Tubing season gets off to soggy start in New Braunfels
Thousands expected to float on Comal River over summer months
Not even mother nature could disrupt the start of tubing season in New Braunfels on Friday, as hundreds of people spent the day floating along the Comal River.
The luxurious waterway helps rake in nearly $470 million per year for the city.
"We have the most water of anybody in Texas. It's 72 degrees year round, crystal-clear to the bottom, so where else would you go?" said Judy Young, director of the New Braunfels Convention and Visitors Bureau.
Young said the river is currently 80 percent full, a testament to the sacrifices New Braunfels residents must make to ensure the river has an economic impact.
"Fortunately for us, we have some of the highest water restrictions in the country. We are at a point where we have as much water as we did last year," Young said.
Texas Tubes owner Colie Reno could only shake his head as rain poured down for several hours Friday.

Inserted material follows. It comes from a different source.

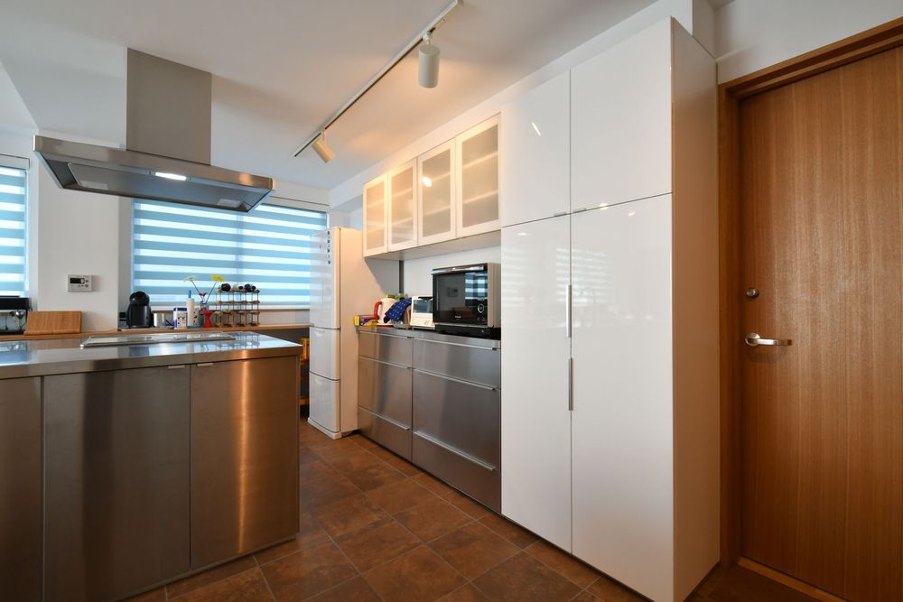 ステンレス製のアイランドキッチン。大きな作業台やIHクッキングヒーター付きで、機能も充実させました。作業がしやすいように、キッチンの通路は幅広。シンクと作業台が対面になっているため、入居者同士で料理を作りながら会話を楽しむことができます。個人の収納スペースがたっぷりと用意されているため、料理好きの人でも安心です。

Although the weather kept visitors away from the river, Reno said the rain does have a long-term benefit.
"You got to have this," he said. "This rain is what we use to get us through the summer. You may lose today, but it may help the rest of your summer be great."
Mother nature could not keep Thomas Blankenship's family from its first tubing experience.
For the last several years the family has travelled from New Orleans to Texas for Memorial Day weekend.
"Usually we go on Lake Travis [in Austin], but we decided to do something different this year so let's come tubing," Blankenship said.
While some visitors prefer the relaxed atmosphere of simply floating in the river, Thomas' daughter, Sydney, said the excitement of tubing down the rapids near Schlitterbahn Waterpark was something she'll never forget.
"You go down and it just shoots you right out," Sydney said. "It's really fun."
Haiel Haifa has been tubing along the Comal River since he was a kid.
On Friday he and a dozen other Warren High School seniors spent their "senior skip day" floating on the river.
"When you're a little kid you do it with your parents, you do it with your family," Haifa said. "Then you come with your high school friends. You relive the past memories but make new ones."